Assigned task:
If pictures appear among the lines below, leave them out while you return exactly the lines from the one with "Mit den Nordic" through the one with "es el término".

Exercise material:
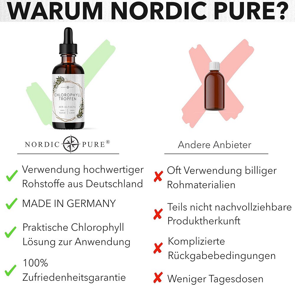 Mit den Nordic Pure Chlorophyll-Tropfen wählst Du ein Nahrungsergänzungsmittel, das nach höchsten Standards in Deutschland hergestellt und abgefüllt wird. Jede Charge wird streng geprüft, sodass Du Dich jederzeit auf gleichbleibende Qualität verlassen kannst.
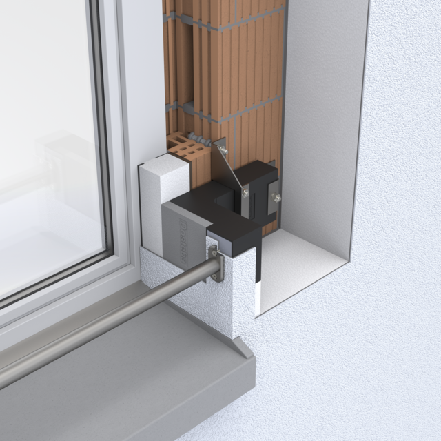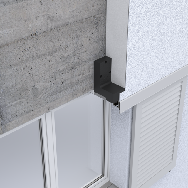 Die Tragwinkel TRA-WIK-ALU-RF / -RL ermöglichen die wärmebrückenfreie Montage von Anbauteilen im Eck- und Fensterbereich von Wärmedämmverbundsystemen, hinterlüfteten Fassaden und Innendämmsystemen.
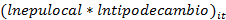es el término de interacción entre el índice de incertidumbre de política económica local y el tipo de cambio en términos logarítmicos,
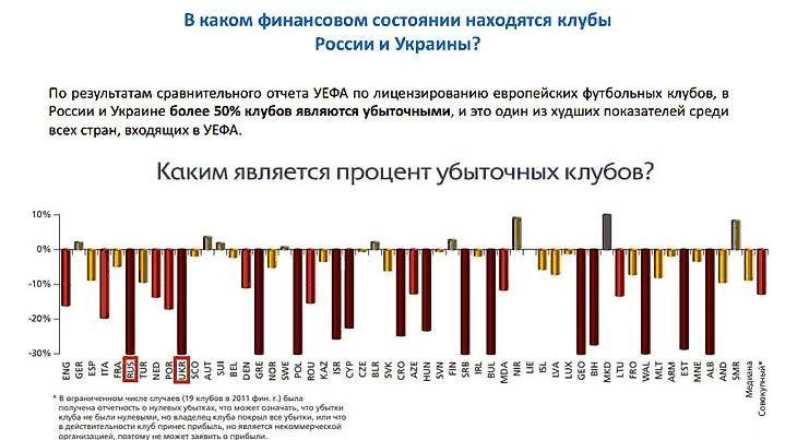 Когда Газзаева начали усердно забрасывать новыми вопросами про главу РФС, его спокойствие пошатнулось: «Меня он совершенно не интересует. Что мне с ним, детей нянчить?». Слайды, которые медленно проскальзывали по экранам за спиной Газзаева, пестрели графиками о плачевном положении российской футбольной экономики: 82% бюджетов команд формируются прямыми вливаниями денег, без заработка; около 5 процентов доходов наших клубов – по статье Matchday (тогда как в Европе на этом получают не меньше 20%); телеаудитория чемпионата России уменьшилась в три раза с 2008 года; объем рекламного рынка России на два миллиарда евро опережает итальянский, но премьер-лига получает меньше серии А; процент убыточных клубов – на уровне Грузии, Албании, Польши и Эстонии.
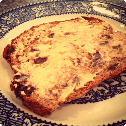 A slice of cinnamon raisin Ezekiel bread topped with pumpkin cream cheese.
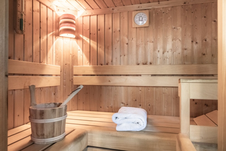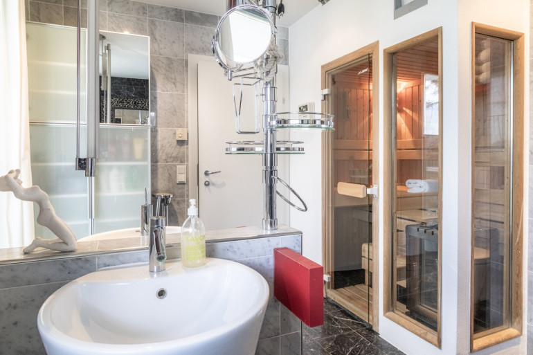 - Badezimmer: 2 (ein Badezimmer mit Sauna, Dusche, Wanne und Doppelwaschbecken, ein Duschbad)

==

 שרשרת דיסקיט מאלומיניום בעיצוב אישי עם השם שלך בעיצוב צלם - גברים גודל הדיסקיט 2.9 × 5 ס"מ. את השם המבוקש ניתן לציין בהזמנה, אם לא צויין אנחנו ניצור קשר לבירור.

Output of the exercise:
 Mit den Nordic Pure Chlorophyll-Tropfen wählst Du ein Nahrungsergänzungsmittel, das nach höchsten Standards in Deutschland hergestellt und abgefüllt wird. Jede Charge wird streng geprüft, sodass Du Dich jederzeit auf gleichbleibende Qualität verlassen kannst.
 Die Tragwinkel TRA-WIK-ALU-RF / -RL ermöglichen die wärmebrückenfreie Montage von Anbauteilen im Eck- und Fensterbereich von Wärmedämmverbundsystemen, hinterlüfteten Fassaden und Innendämmsystemen.
es el término de interacción entre el índice de incertidumbre de política económica local y el tipo de cambio en términos logarítmicos,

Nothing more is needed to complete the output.